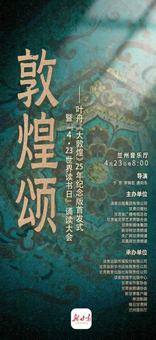 4月23日晚8时,“敦煌颂”叶舟《大敦煌》25年纪念版首发式暨“4·23世界读书日”诵读大会将在兰州音乐厅举办,以敦煌诗韵为全民阅读与“书香陇原”添彩。
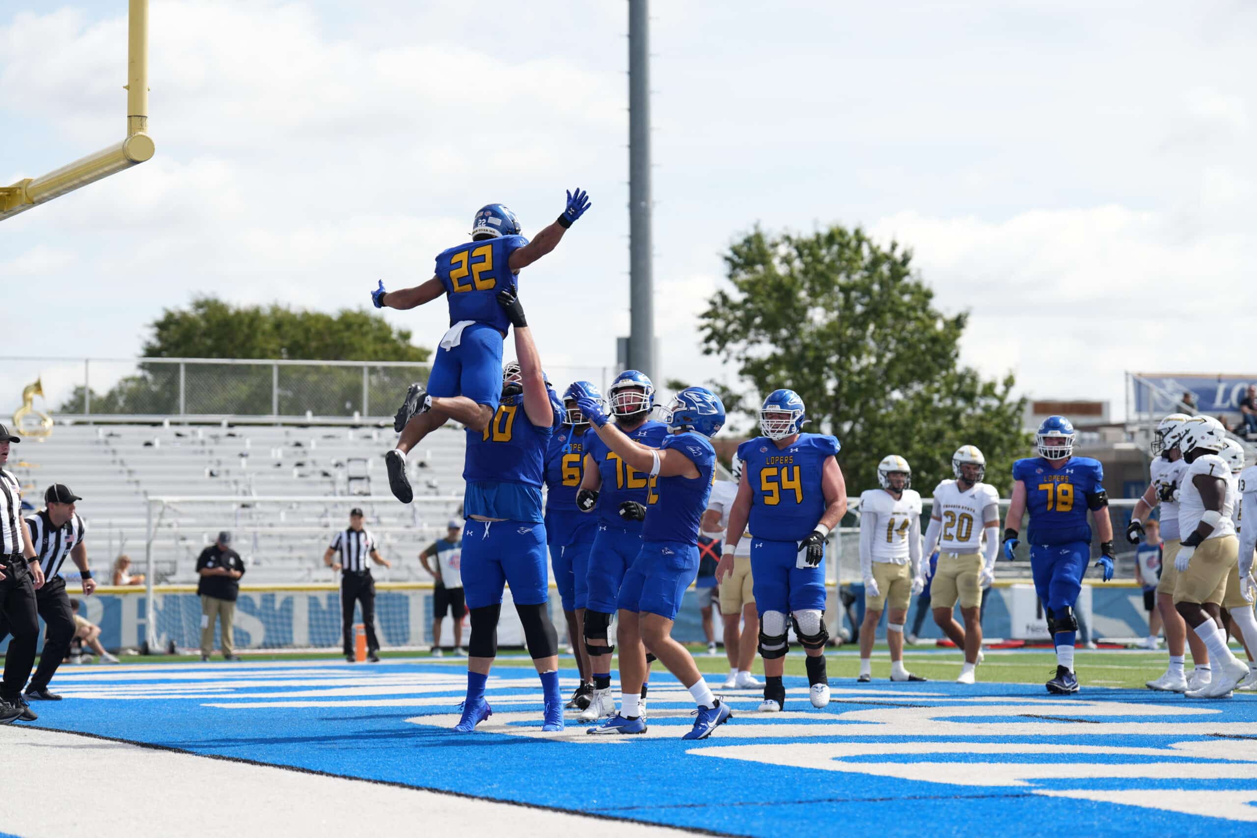 At these two football games, I found myself looking to the players in between and after plays. In the touchdown photo, I kept shooting after the player crossed the end zone. The action of him crossing into touchdown territory was exciting, but I knew football players tend to have a touchdown dance or celebrate in a big way. As I kept shooting, the scorer jumped in the air and was lifted by his teammate. The photo feels victorious, just like how the players felt in that moment and after winning the game.
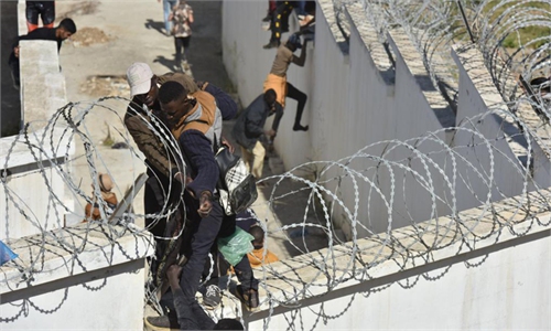 People sit by a fountain in a park in Madrid, Spain on Saturday. Residents in Spain are trying to stay as cool as possible as forecasts showed weekend temperatures could rise above 40 C in large parts of the Iberian Peninsula. The heat is expected to scorch central south Spain on Saturday before spreading east over the next two days. Photo: VCG
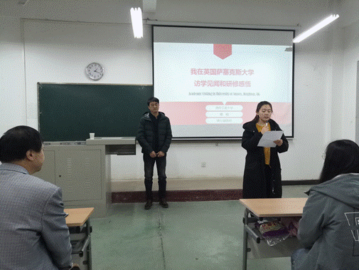 董老师以自己在2018年10月份赴英国布莱顿Sussex(萨塞克斯)大学进行了为期一年的研修访问交流的经历,从“基本情况介绍”、“学术交流方面”、“生活交流方面”、“研修体会感悟”四个方面详细的向学生分享了出国留学交流所需要做的准备。报告中他在学术交流方面提到了英国大学里有着丰富多元的学术研究方向和研究内容,为他进一步的研究工作树立了学习的榜样和标杆。在生活交流方面他提到了他在Sussex大学的这一年时光里,除了单调快节奏的科研学习工作之外,课题组不时组织一些课外活动,访问了英国牛津大学,剑桥大学、约克大学等名校。董老师在报告中谈到了个人对于出国留学的看法与建议,包括如何联系成人导航、前期的准备过程、申请的过程、流程、以及签证和生活方面等问题。给广大有出国留学意向的同学提供了最实际的经验参考。董老师用大量图片作为分享,为同学们展示他当时生活的环境、家人朋友的情况以及遇到的趣事等。他以真实、亲切的分享获得了同学们的热烈掌声,使留学经验分享报告会的现场气氛十分轻松愉快。
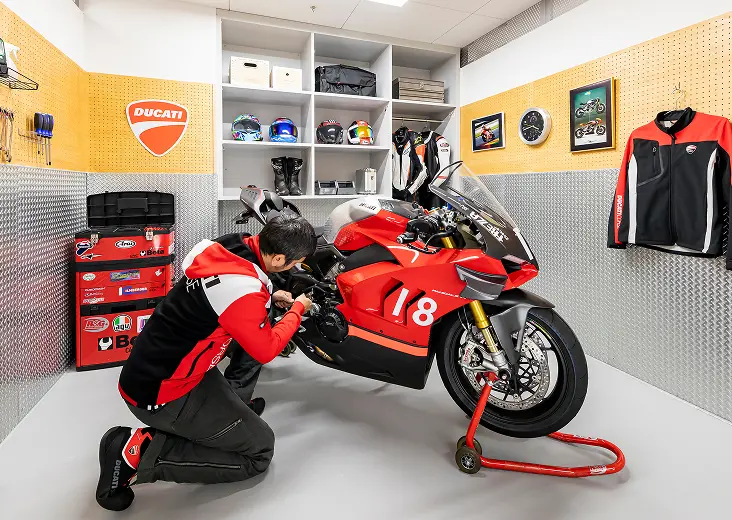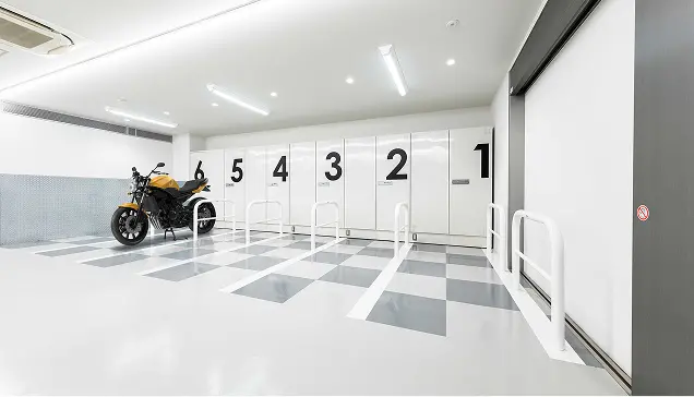 ガレージタイプのバイクパーキングには、電源コンセント・有孔ボード・収納棚・ロッカーなどが設置されており、簡易的な作業は可能です。ただし、基本的には保管専用スペースのため、整備や洗車などの作業は制限される場合があります。

Activity: Output the records above character for character, but leave each image out.

Exercise output:
 4月23日晚8时,“敦煌颂”叶舟《大敦煌》25年纪念版首发式暨“4·23世界读书日”诵读大会将在兰州音乐厅举办,以敦煌诗韵为全民阅读与“书香陇原”添彩。
 At these two football games, I found myself looking to the players in between and after plays. In the touchdown photo, I kept shooting after the player crossed the end zone. The action of him crossing into touchdown territory was exciting, but I knew football players tend to have a touchdown dance or celebrate in a big way. As I kept shooting, the scorer jumped in the air and was lifted by his teammate. The photo feels victorious, just like how the players felt in that moment and after winning the game.
 People sit by a fountain in a park in Madrid, Spain on Saturday. Residents in Spain are trying to stay as cool as possible as forecasts showed weekend temperatures could rise above 40 C in large parts of the Iberian Peninsula. The heat is expected to scorch central south Spain on Saturday before spreading east over the next two days. Photo: VCG
 董老师以自己在2018年10月份赴英国布莱顿Sussex(萨塞克斯)大学进行了为期一年的研修访问交流的经历,从“基本情况介绍”、“学术交流方面”、“生活交流方面”、“研修体会感悟”四个方面详细的向学生分享了出国留学交流所需要做的准备。报告中他在学术交流方面提到了英国大学里有着丰富多元的学术研究方向和研究内容,为他进一步的研究工作树立了学习的榜样和标杆。在生活交流方面他提到了他在Sussex大学的这一年时光里,除了单调快节奏的科研学习工作之外,课题组不时组织一些课外活动,访问了英国牛津大学,剑桥大学、约克大学等名校。董老师在报告中谈到了个人对于出国留学的看法与建议,包括如何联系成人导航、前期的准备过程、申请的过程、流程、以及签证和生活方面等问题。给广大有出国留学意向的同学提供了最实际的经验参考。董老师用大量图片作为分享,为同学们展示他当时生活的环境、家人朋友的情况以及遇到的趣事等。他以真实、亲切的分享获得了同学们的热烈掌声,使留学经验分享报告会的现场气氛十分轻松愉快。
 ガレージタイプのバイクパーキングには、電源コンセント・有孔ボード・収納棚・ロッカーなどが設置されており、簡易的な作業は可能です。ただし、基本的には保管専用スペースのため、整備や洗車などの作業は制限される場合があります。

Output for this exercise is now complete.